Brioche is rich in flavour and is almost cake-like in texture and taste. I prefer using fresh yeast to make brioche, but active dried yeast will work just as well, if you prefer to use this (I have included both options in my recipe below).

As this recipe is made from an enriched dough containing butter, egg yolks and milk, it’s best eaten on the day it’s made, but it is also suitable for freezing (see Cook’s Notes). If you do have any left over and the next day you find that the loaf has become slightly stale, I suggest you turn it into a brioche and butter pudding (a delicious twist on a traditional bread and butter pudding), or simply toast slices for breakfast or lunch.

photo of brioche

Ingredients & Method

  • 200ml milk
  • 30g fresh yeast or 14g dried active yeast (don't use fast-action dried yeast)
  • 500g strong white bread flour, plus extra for dusting
  • 1 teaspoon table salt
  • 80g caster sugar
  • 5 large egg yolks
  • 60g softened unsalted butter, cut into small pieces, plus extra for greasing

Warm the milk in a small saucepan until it reaches 37°C (blood temperature), then remove from the heat, add the yeast and stir or whisk until dissolved.

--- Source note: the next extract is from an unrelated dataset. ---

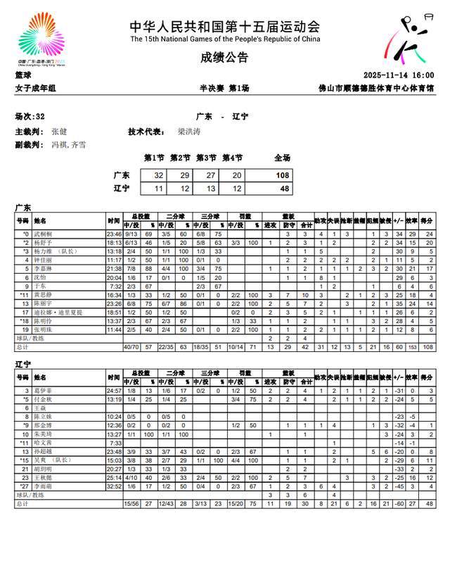 到了最后一节,广东队维持着50+的领先优势,丝毫不给辽宁队缩小分差的机会,并不领先拉大到60+。最终,广东全运女篮以108-48大胜辽宁队60分,率先打决赛,静待四川与江苏之间的胜者。

Cover with cling film and leave to stand for about 10 minutes, until a light frothy foam forms on the surface.

Sift the flour and salt into the bowl of an electric stand mixer fitted with the dough hook, then stir in the sugar. Turn the mixer on to run at a slow speed, then gradually add the warm yeast mixture, mixing to form a dough. Knead the dough on a slow speed for 5 minutes, then add 4 of the egg yolks, one at a time, mixing well after each addition.

With the mixer still running on a slow speed, gradually add the butter pieces, mixing until they are all incorporated, then continue kneading the dough for a further 2 minutes.

Grease a large mixing bowl and set aside. Turn the dough out onto a lightly floured work surface, then knead until it becomes smooth and silky, about 4–5 minutes. Shape it into a ball and place in the greased bowl. Cover with a clean dry tea towel or cling film and leave to rise in a warm place until doubled in size. The rising time will depend on the room temperature and can take up to about 40 minutes.

Meanwhile, prepare the baking tins. Grease two 18 x 9 x 5cm loaf tins, lightly dust them with flour, then set aside.

Once the dough is ready, turn it out onto a lightly floured work surface, knock it back gently (remember you don’t want to lose all the air you have incorporated into the dough during rising, so be gentle), then cut the dough in half. Divide each portion of dough into 10 even pieces and roll each piece into a smooth ball. For each loaf, place 10 balls of dough into a prepared loaf tin, arranging them in a single layer over the base of the tin. Lightly cover the loaves with a clean dry tea towel or cling film and leave to rise again (prove) in a warm place for about 30 minutes or until doubled in size. Meanwhile, preheat the oven to 180°C/Gas Mark 4.

Put the remaining egg yolk in a small bowl and break it up gently with a fork. Once the brioche loaves are ready to bake, gently brush the top of each one with the egg yolk. Bake the loaves in the oven for 30–40 minutes or until risen and deep golden brown (once they are cooked, the loaves will sound hollow when turned out and tapped underneath).

Remove from the oven and cool in the tins for a few minutes, then turn the loaves out onto a wire rack and leave to cool completely before slicing. Serve freshly baked with jam or chocolate spread for breakfast, or serve lightly toasted with a savoury pâté or terrine for lunch (see also Cook’s Notes).

Cook’s Notes
This brioche is best eaten on the day it is made. Store any leftover brioche in an airtight container and use within a day or two. If the leftover brioche is beginning to stale, toast it or use it to make a delicious brioche and butter pudding (a delicious twist on bread and butter pudding). Brioche is also suitable for freezing for up to 1 month (see below).

To ensure that you always have delicious brioche to hand, slice the brioche once it is cold, then seal the slices in freezer bags. Freeze on the same day as baking, then as and when required, remove the brioche slices from the freezer and toast from frozen or let the brioche defrost at room temperature before eating – this way you can enjoy fresh brioche at all times.